The window for either U.S. Sen. John Cornyn or Texas Attorney General Ken Paxton to exit the Republican primary runoff for a Senate seat has officially closed, with neither man seemingly blinking an eye.
Tuesday’s deadline came and went without a withdrawal filing from either candidate, sending Texas’s GOP Senate primary barreling toward another era of expensive inner-party warfare ahead of the May 26 runoff election.
Under the Texas Election Code, runoff candidates may withdraw until 5 p.m. on the third day after the state party completes its official canvass of primary results. The Republican Party of Texas ran that canvass on Saturday, March 14, setting March 17 as the final day for either candidate to step aside and hand the other the nomination outright.

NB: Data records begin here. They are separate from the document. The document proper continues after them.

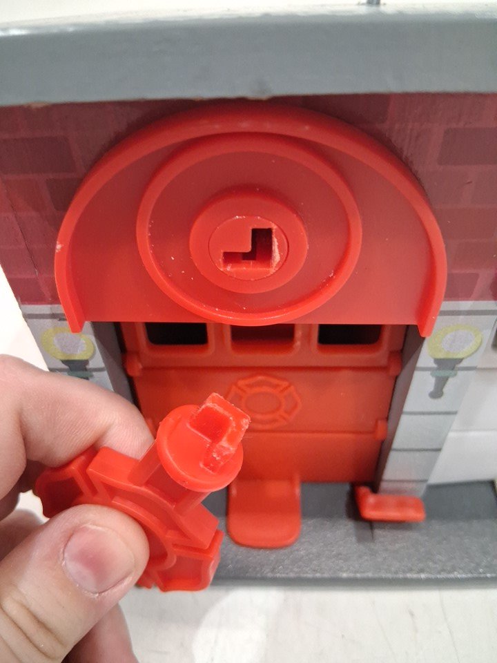Item has mild distress on red key end and keyhole. Does not impede function. Item does NOT include key ring.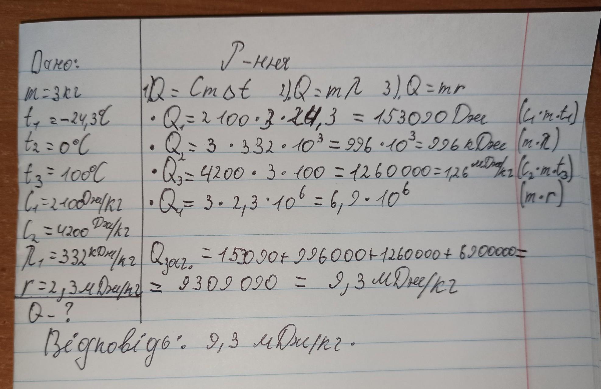Яка кількість теплоти необхідна, щоб із льоду масою 3кг при температурі -24,3°С одержати пару з температурою 100°С? Питома теплоємність льоду с = 2100Дж/(кг • °С), питома теплоємність води 4200Дж/(кг • °C), питома теплота плавлення льоду λ=332кДж/кг=332000Дж/кг,питома теплота випаровування води r = 2,3МДж/кг = 2300000Дж/кг. Відповідь заокругли до десятих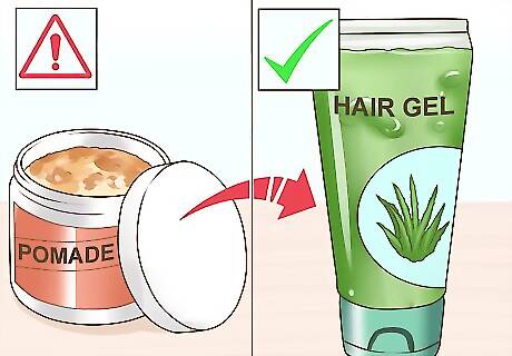 Change your hair products. If you suffer from breakouts on your forehead, scalp, neck, and back, the culprit may be your hair products. Products like gels, pomades, and sprays tend to block pores and irritate your skin. They can also cause allergic reactions that can result in acne. To avoid acne, experiment with different products to find one that does not irritate your skin. In general, look for products with shorter and more natural ingredient lists. In particular, look for products that are fragrance-free and noncomedogenic (non-pore clogging). To avoid using too much product, consider washing your hair two or three times a week or rinse it with conditioner daily. You might also want to consider sleeping with your hair up to avoid rolling around in your dirty hair all night. If you believe that you are having an allergic reaction to a certain product, quit using it and talk to your doctor or a dermatologist. You may want to be tested so you know what to avoid in the future.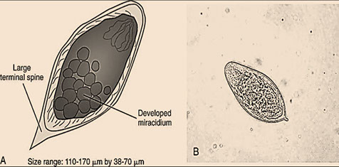 Dx: thin-shelled eggs (112-170μm x 40-70μm), embryonated, c a terminal spine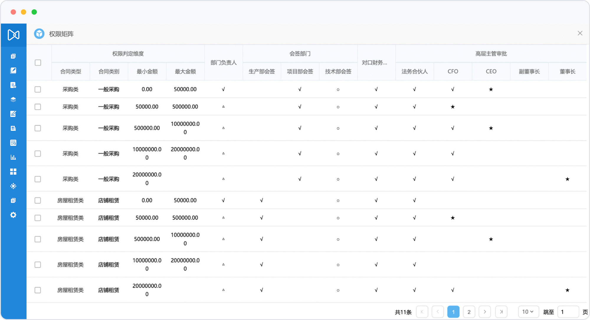 企业按照组织、类型、区域、金额等要素形成的审批权责矩阵,能够导入自动生成合同审批流程,各部门明确权责,实现审核规则落地。
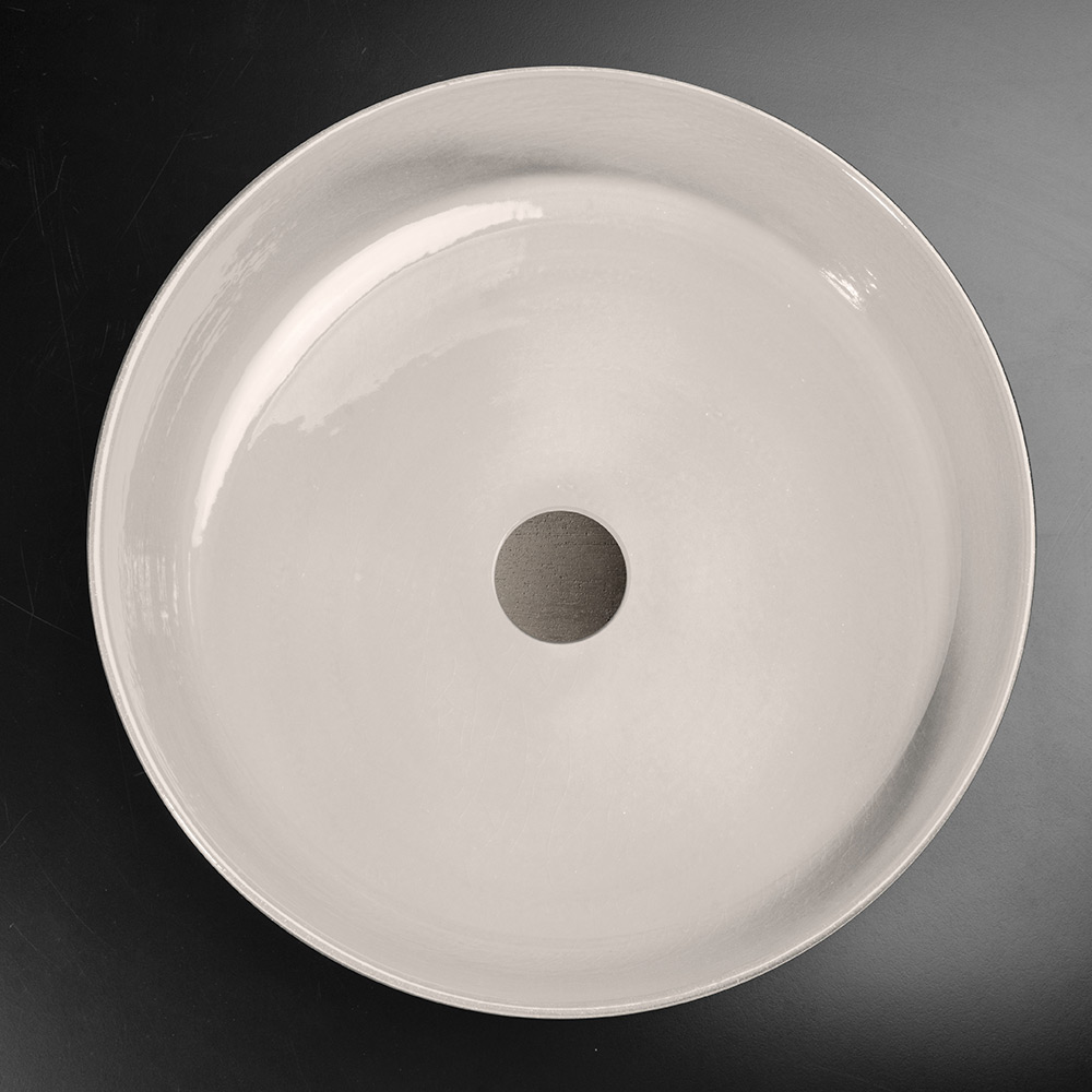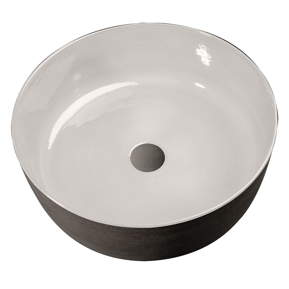 Round countertop washbasin made of hand-turned refractory clay with third fire cooking and 100% Made in Italy . Its aesthetic is characterized by the perfect combination of the natural waxed and waterproofed exterior with a more rustic style and the glossy and vitrified interior in white finish, the colour of freedom and peace that recalls the whiteness of snow and the brightness of nature. in its purest form. Each element of the washbasin is handcrafted to give life to an exclusive furnishing solution, of high value and of unparalleled quality.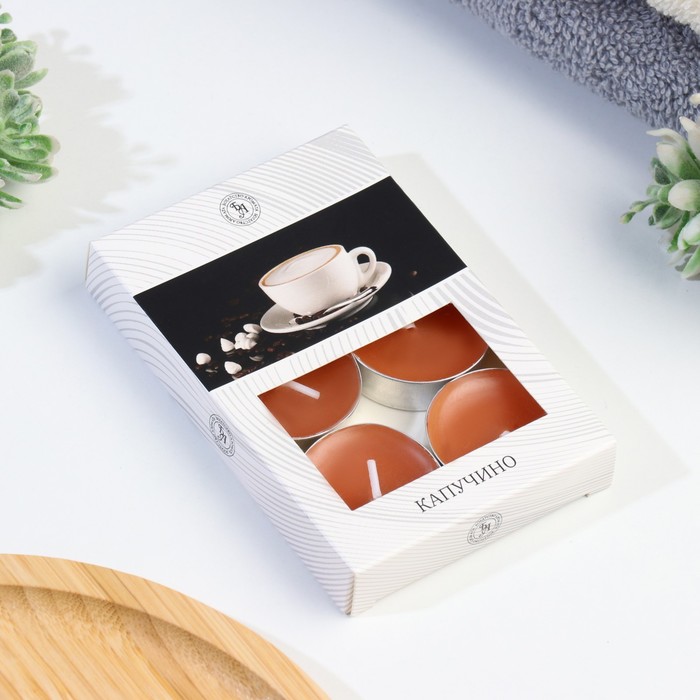 Набор чайных свечей ароматизированных в подарочной коробке, 6 шт "Капучино"

The standoff has kicked off against a backdrop of intense pressure. Shortly after the March 3 primary – in which Cornyn and Paxton advanced with 43% and 41% of the vote, respectively- President Donald Trump posted on Truth Social, calling for the race to end, pledging to endorse one candidate and calling on the other to drop out immediately, as The Dallas Express reported at the time.

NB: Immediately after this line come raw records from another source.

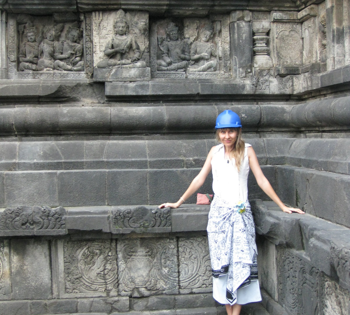 Пока мы снаружи осматривали храмы, я строила догадки о необходимости строительной каски. Даже сняла свою сначала.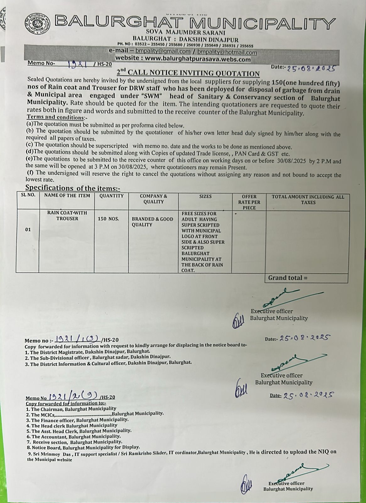 NIQ (2nd Call) for Supplying of 150 Nos. of Rain Coat and Trouser for DRW staff who has been deployed for disposal of Garbage from Drain & Municipal area engaged under SWM head of Sanitary & Conservancy section of Balurghat Municipality.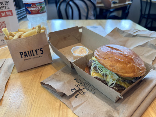Read morePauly’s Pauly’s Pauly’s…PAULY’s!!! Whaaaaaaat. The smash they put on that burger. Customer service bang. Grabbed my food to go. Ate some sweet potato fries in the car. Had to walk back in and grab another order of them cause man… (lip biting). And then the guy, (I guess he was the cook) asked me very boldly and confidently, “How you like that BURGER?”. I hadn’t tasted it yet. I grabbed my order from the lovely staff..(everyone was so helpful), and bounced. Man… I prayed. I tasted the burger. God bless!!🙄🫦 I almost felt violated tho. Thinking about how confidently the assumed cook who asked me how the burger was made me feel dirty. He knew that burger rocked my world. He had taken an uncomfortable amount of pleasure knowing that he was apart of what went down in that car. Whatever. I smashed the rest of the food. Almost went in and ordered another burger for the road (would’ve been worth it). Peep this tho… I was gonna taste the burger before going back in, but it was too hot. I felt almost as if I had skipped satisfying this guy’s confidence about the burger, but man…here I am writing a review in the parking lot. He may see me, but I don’t care. The food...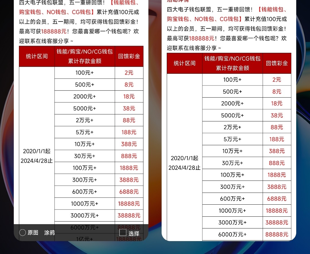 五一钱能红包台子出了历史充值一万给500,三千充值给100比之前的抠了。还有2020年到2024年总充值100w给1888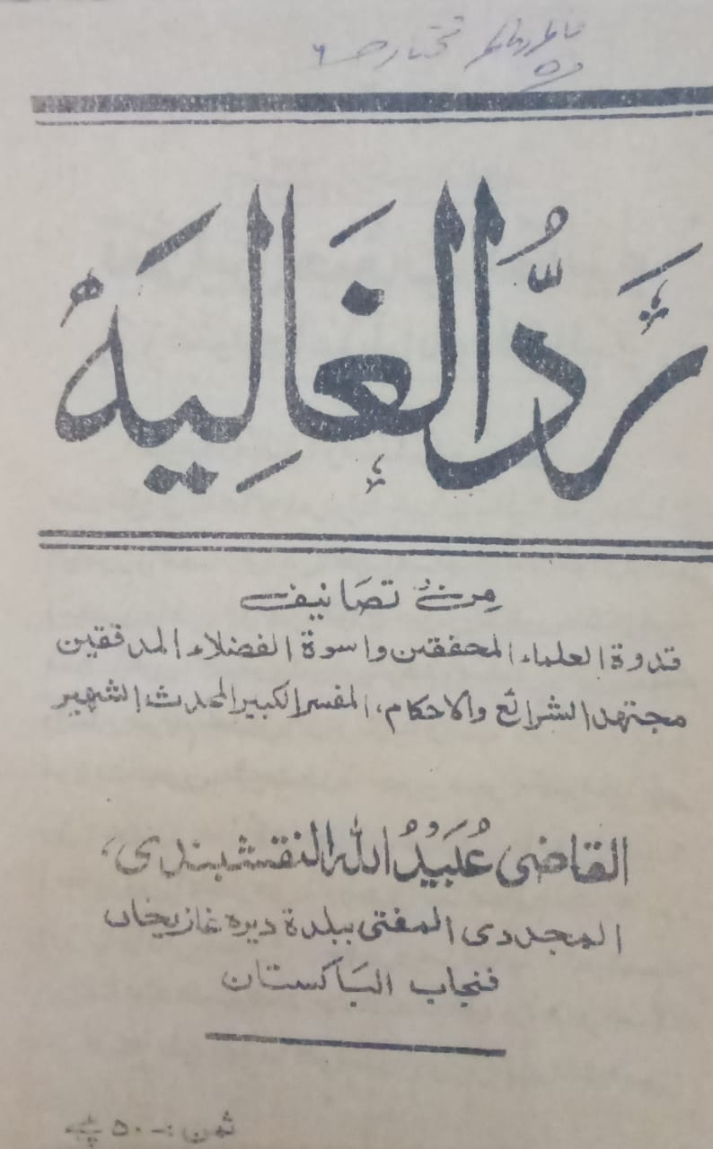 3. Critical Fatwa: These fatwas were those in which Mufti Qazi Obaidullah (Rahimahullah) criticized the fatwas of other scholars. For example, he criticized "Bahar-e-Shariat" and issued fatwas against scholars like Maulana Mufti Kifayatullah Dehlvi (Rahimahullah) and Maulana Qazi Muhammad Bakhsh Choti (Rahimahullah) from D.G. Khan.

The President’s delay seems closely tied to the fate of the SAVE America Act, an election-integrity bill that would require proof of citizenship for federal voter registration, restrict mail-in voting, and ban gender-transition procedures for minors. Trump told NBC News that “A lot has to do with the SAVE America Act…Republicans have to get that passed, because that will secure voting in this country.”
Paxton jumped on the SAVE Act as leverage. He posted on March 5 that he would “consider dropping out” of the Senate race if Senate leadership agreed to lift the filibuster and pass the SAVE Act.
The Save America Act is the most important bill the U.S. Senate could ever pass, and I'm committed to helping President Trump get it done.
I would consider dropping out of this race if Senate Leadership agrees to lift the filibuster and passes the SAVE America Act.
John Cornyn…
— Attorney General Ken Paxton (@KenPaxtonTX) March 5, 2026
Cornyn, for his part, pulled off a notable primary conversion. As The Dallas Express previously reported, Cornyn expressed support for altering Senate rules to pass the SAVE America Act – a position he had long opposed – arguing in a March 11 opinion piece that “when the reality on the ground changes, leaders must take stock and adapt.”
The Senate began debating the SAVE America Act on Tuesday, with Cornyn voting alongside 50 other Senate Republicans to open debate.
The Republican nominee will face Democrat James Talarico, a state representative who won his party’s primary, in the November general election.